Saved data entries:
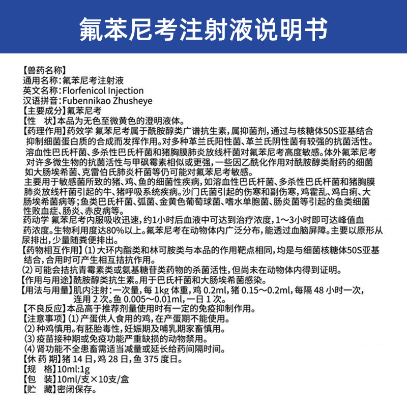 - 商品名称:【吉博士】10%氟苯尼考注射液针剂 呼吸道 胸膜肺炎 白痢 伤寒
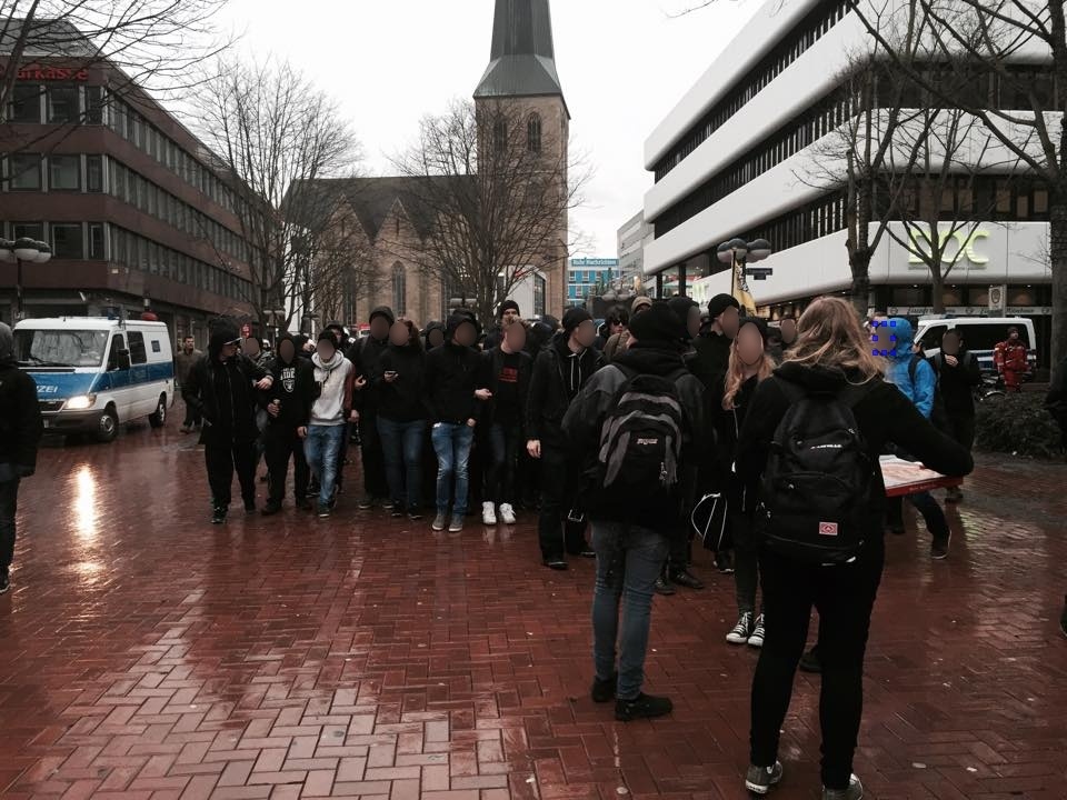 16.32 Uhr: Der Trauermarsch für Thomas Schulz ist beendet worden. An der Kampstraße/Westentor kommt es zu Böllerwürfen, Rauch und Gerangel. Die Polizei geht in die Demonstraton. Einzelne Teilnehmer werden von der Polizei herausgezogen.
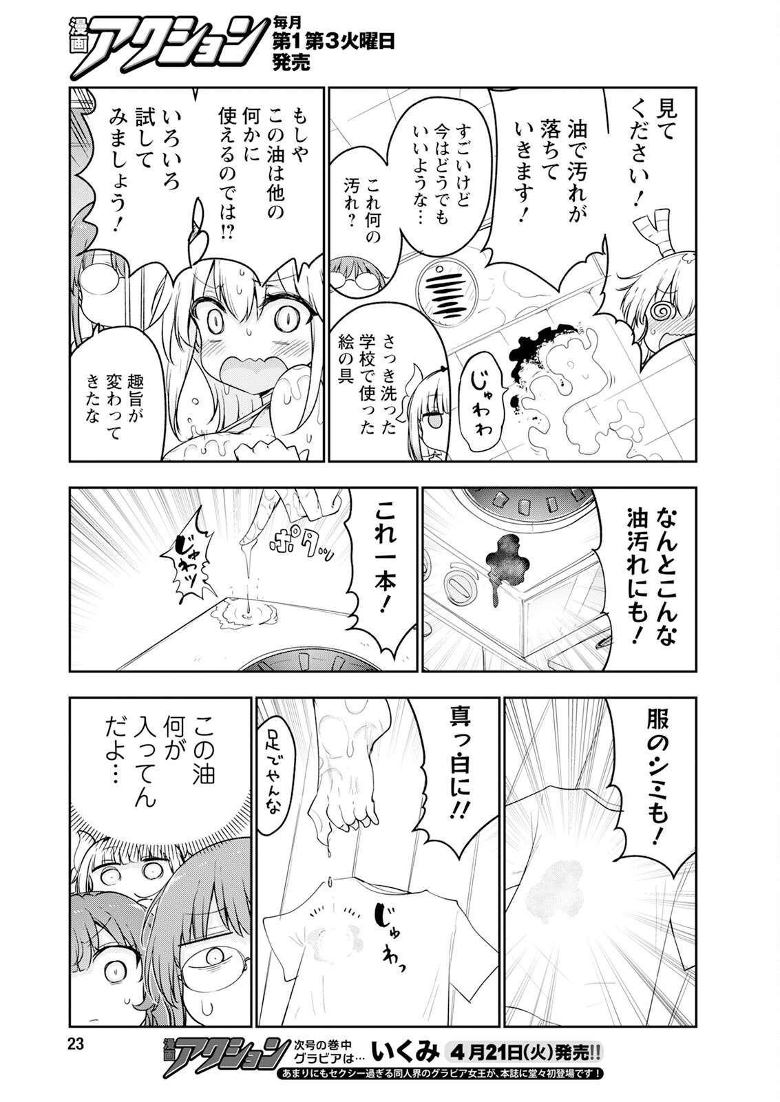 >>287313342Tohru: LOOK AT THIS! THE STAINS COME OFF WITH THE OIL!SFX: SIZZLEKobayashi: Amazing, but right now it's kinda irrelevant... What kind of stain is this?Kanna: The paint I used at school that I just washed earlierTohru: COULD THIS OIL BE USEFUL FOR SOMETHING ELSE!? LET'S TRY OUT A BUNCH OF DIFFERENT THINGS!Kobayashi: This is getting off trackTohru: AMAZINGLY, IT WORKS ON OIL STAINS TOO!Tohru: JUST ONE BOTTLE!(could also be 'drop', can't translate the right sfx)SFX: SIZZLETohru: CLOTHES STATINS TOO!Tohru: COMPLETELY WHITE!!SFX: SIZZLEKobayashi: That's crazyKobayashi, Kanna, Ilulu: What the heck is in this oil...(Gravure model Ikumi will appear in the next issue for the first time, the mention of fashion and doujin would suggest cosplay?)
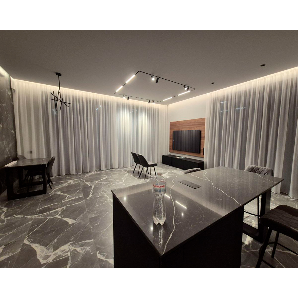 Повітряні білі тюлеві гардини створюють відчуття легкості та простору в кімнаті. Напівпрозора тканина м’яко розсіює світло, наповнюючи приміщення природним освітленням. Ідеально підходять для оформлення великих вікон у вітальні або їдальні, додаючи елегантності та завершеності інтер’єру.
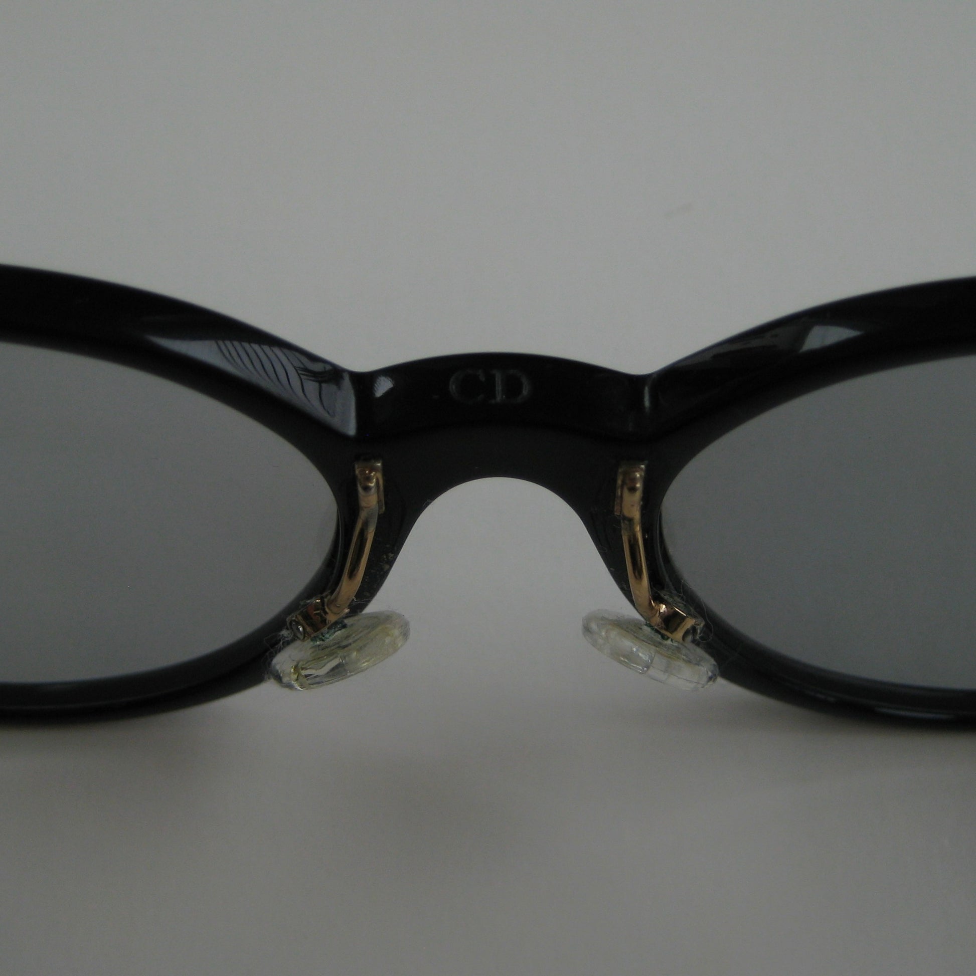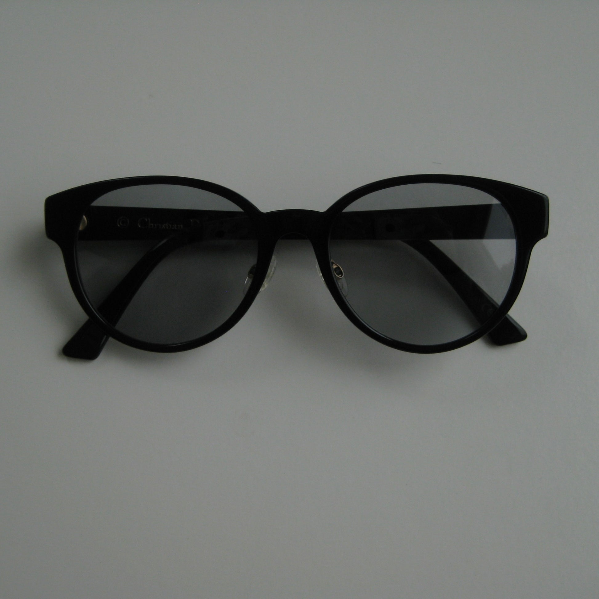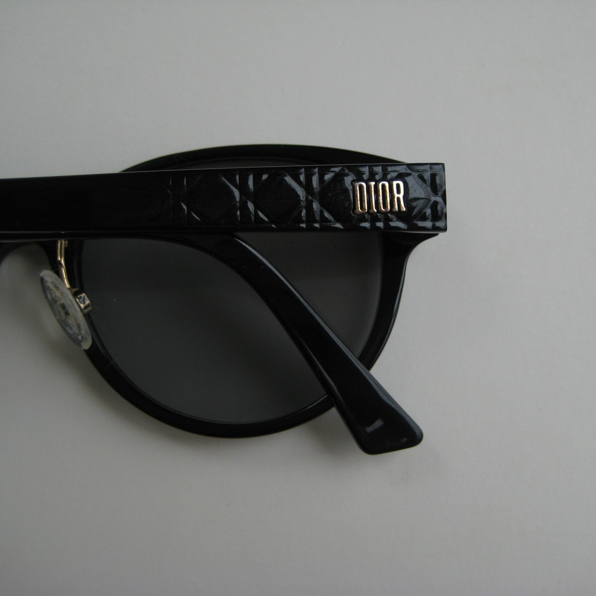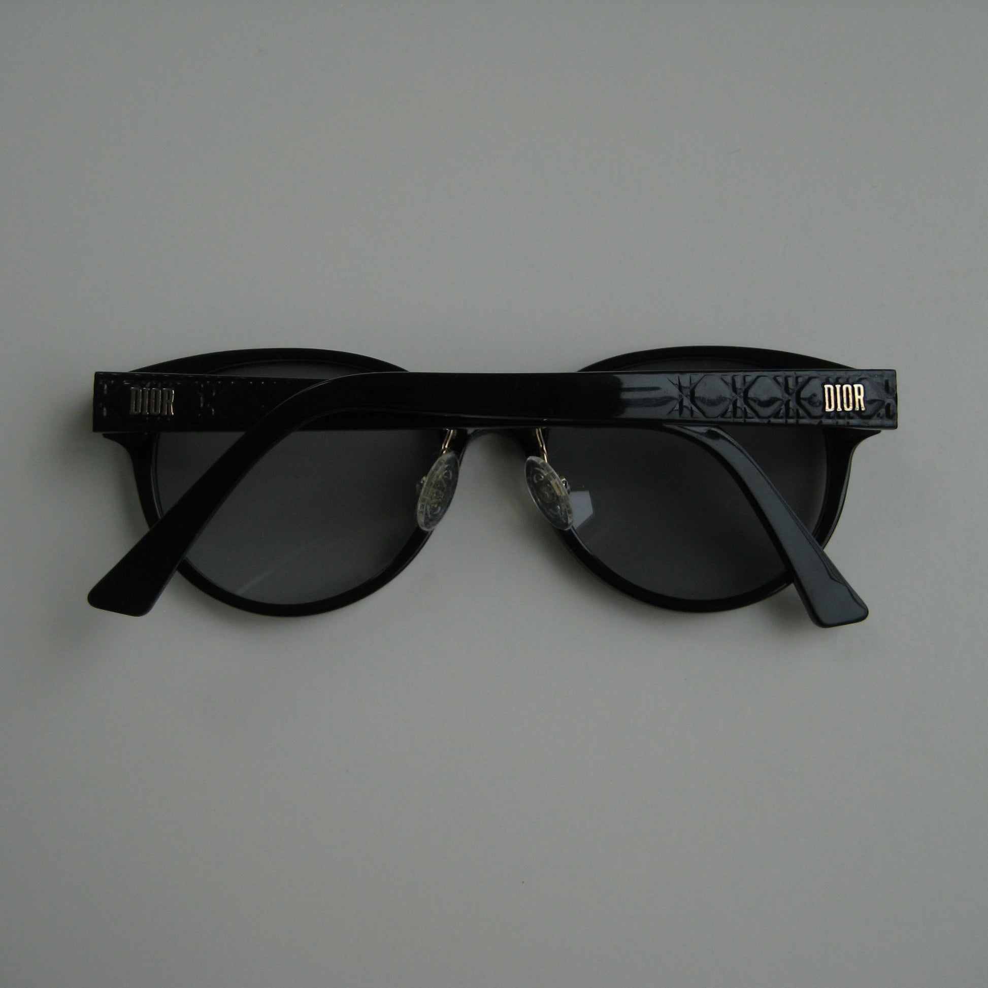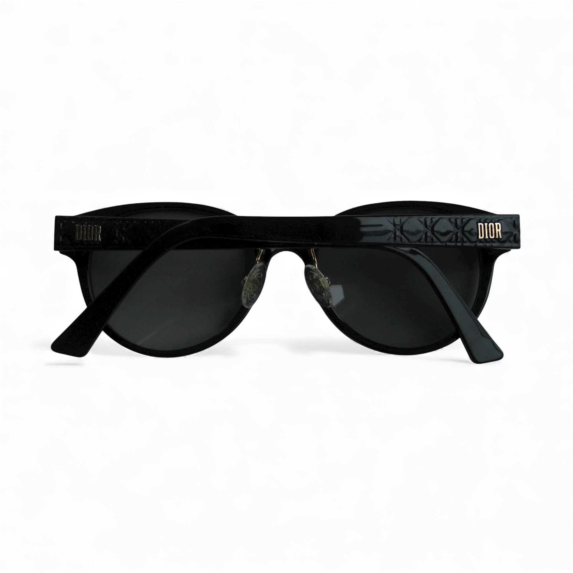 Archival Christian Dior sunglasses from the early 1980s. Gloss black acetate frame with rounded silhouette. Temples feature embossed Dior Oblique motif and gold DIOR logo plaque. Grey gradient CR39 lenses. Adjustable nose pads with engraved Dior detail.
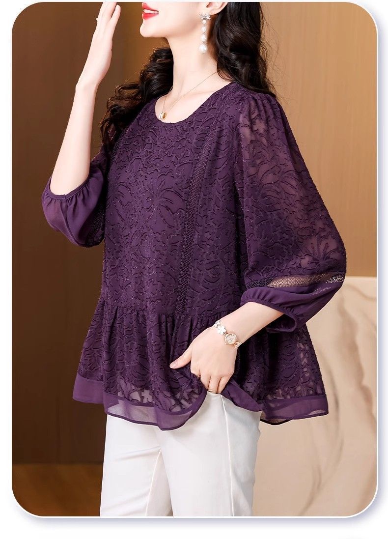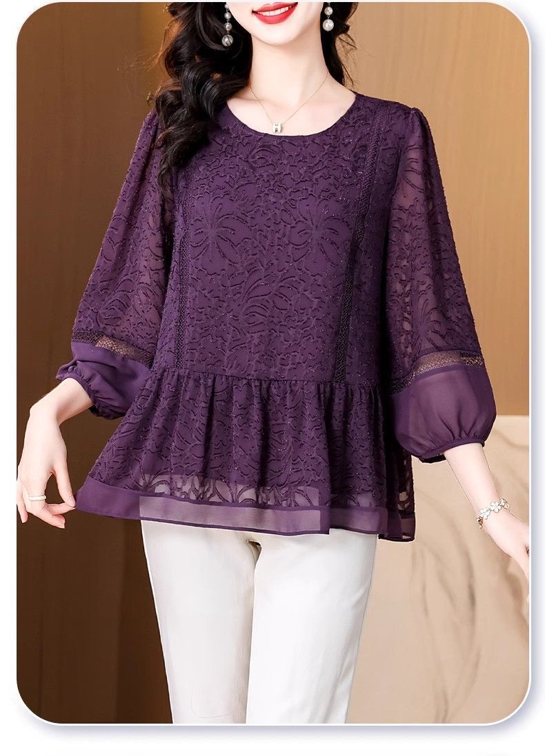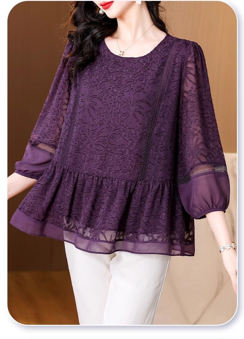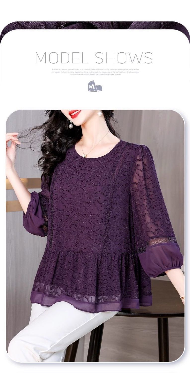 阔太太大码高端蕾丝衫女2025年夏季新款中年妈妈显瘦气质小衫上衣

What the exercise asks: Put down exactly the lines of the data above that run from its first line through the line bearing "Повітряні білі тюлеві", and no pictures.

Output of the task:
 - 商品名称:【吉博士】10%氟苯尼考注射液针剂 呼吸道 胸膜肺炎 白痢 伤寒
 16.32 Uhr: Der Trauermarsch für Thomas Schulz ist beendet worden. An der Kampstraße/Westentor kommt es zu Böllerwürfen, Rauch und Gerangel. Die Polizei geht in die Demonstraton. Einzelne Teilnehmer werden von der Polizei herausgezogen.
 >>287313342Tohru: LOOK AT THIS! THE STAINS COME OFF WITH THE OIL!SFX: SIZZLEKobayashi: Amazing, but right now it's kinda irrelevant... What kind of stain is this?Kanna: The paint I used at school that I just washed earlierTohru: COULD THIS OIL BE USEFUL FOR SOMETHING ELSE!? LET'S TRY OUT A BUNCH OF DIFFERENT THINGS!Kobayashi: This is getting off trackTohru: AMAZINGLY, IT WORKS ON OIL STAINS TOO!Tohru: JUST ONE BOTTLE!(could also be 'drop', can't translate the right sfx)SFX: SIZZLETohru: CLOTHES STATINS TOO!Tohru: COMPLETELY WHITE!!SFX: SIZZLEKobayashi: That's crazyKobayashi, Kanna, Ilulu: What the heck is in this oil...(Gravure model Ikumi will appear in the next issue for the first time, the mention of fashion and doujin would suggest cosplay?)
 Повітряні білі тюлеві гардини створюють відчуття легкості та простору в кімнаті. Напівпрозора тканина м’яко розсіює світло, наповнюючи приміщення природним освітленням. Ідеально підходять для оформлення великих вікон у вітальні або їдальні, додаючи елегантності та завершеності інтер’єру.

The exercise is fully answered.